Censoring chemical data to mitigate dual use risk
Quintina L. Campbell, Jonathan Herington, Andrew D. White
TL;DR
The paper addresses dual-use risks in predictive chemistry by proposing data-level mitigation through selective noise applied to sensitive data regions, aiming to preserve openness while reducing misuse. It formally analyzes and empirically tests how perturbing either molecular features (via SMILES replacements) or labels in sensitive regions affects model bias and variance across 1D, MLP, and GCN tasks, including lipophilicity prediction. Key finding: selective feature noise can induce attenuation bias in sensitive regions and decrease predictive accuracy for dangerous compounds, while omission of sensitive data fails to prevent extrapolation in deep learning models; label noise increases variance.
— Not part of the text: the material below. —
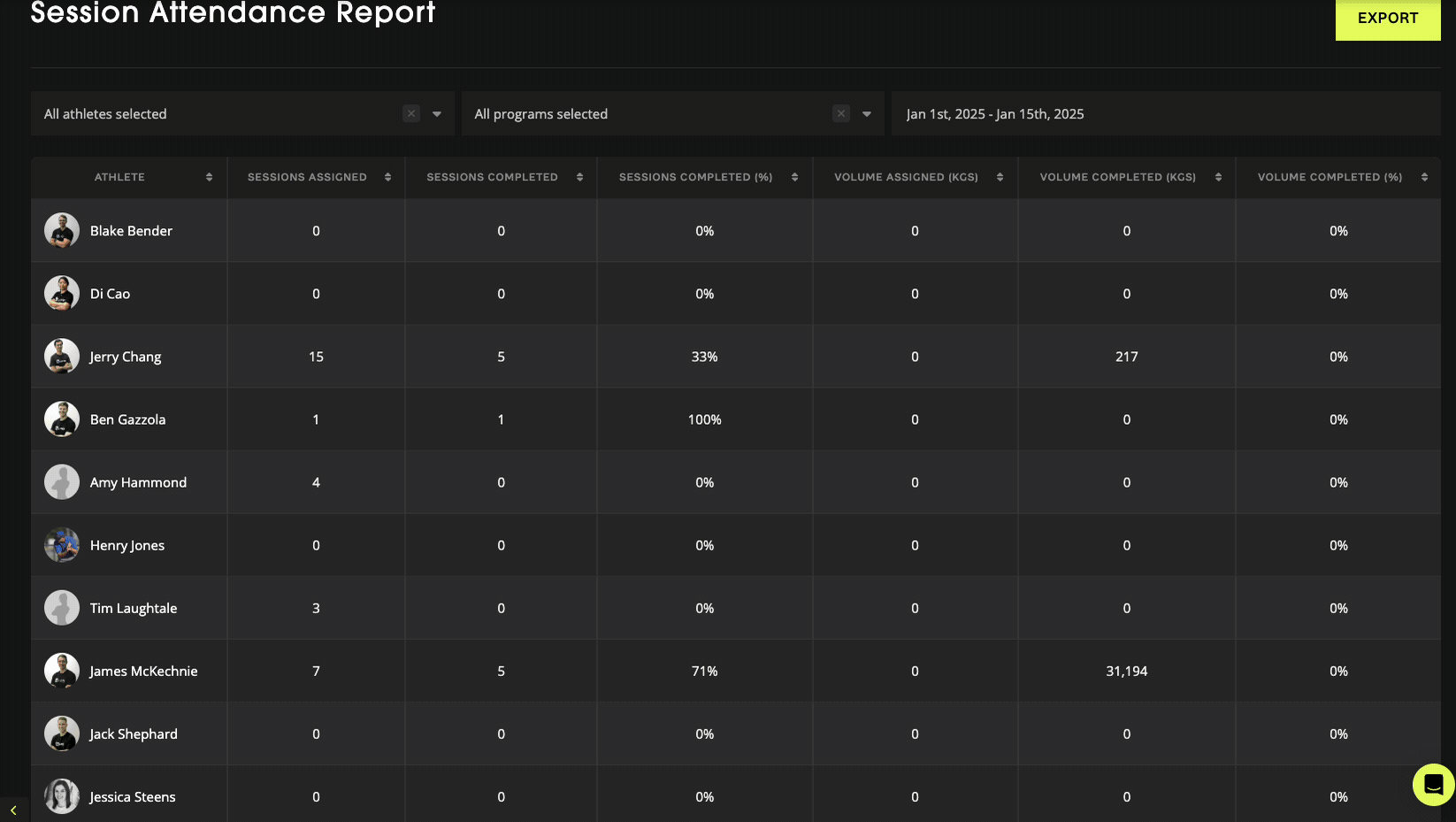 The Session Attendance Report gives you rapid insight into session and progression compliance. You can view volume and attendance in a ‘planned vs completed’ format.

The approach offers a model-agnostic path to safer open data sharing, though it requires further refinement to balance protection with accuracy in the non-sensitive region and to handle multiple sensitivity levels.
Abstract
Machine learning models have dual-use potential, potentially serving both beneficial and malicious purposes. The development of open-source models in chemistry has specifically surfaced dual-use concerns around toxicological data and chemical warfare agents. We discuss a chain risk framework identifying three misuse pathways and corresponding mitigation strategies: inference-level, model-level, and data-level. At the data level, we introduce a model-agnostic noising method to increase prediction error in specific desired regions (sensitive regions). Our results show that selective noise induces variance and attenuation bias, whereas simply omitting sensitive data fails to prevent extrapolation. These findings hold for both molecular feature multilayer perceptrons and graph neural networks. Thus, noising molecular structures can enable open sharing of potential dual-use molecular data.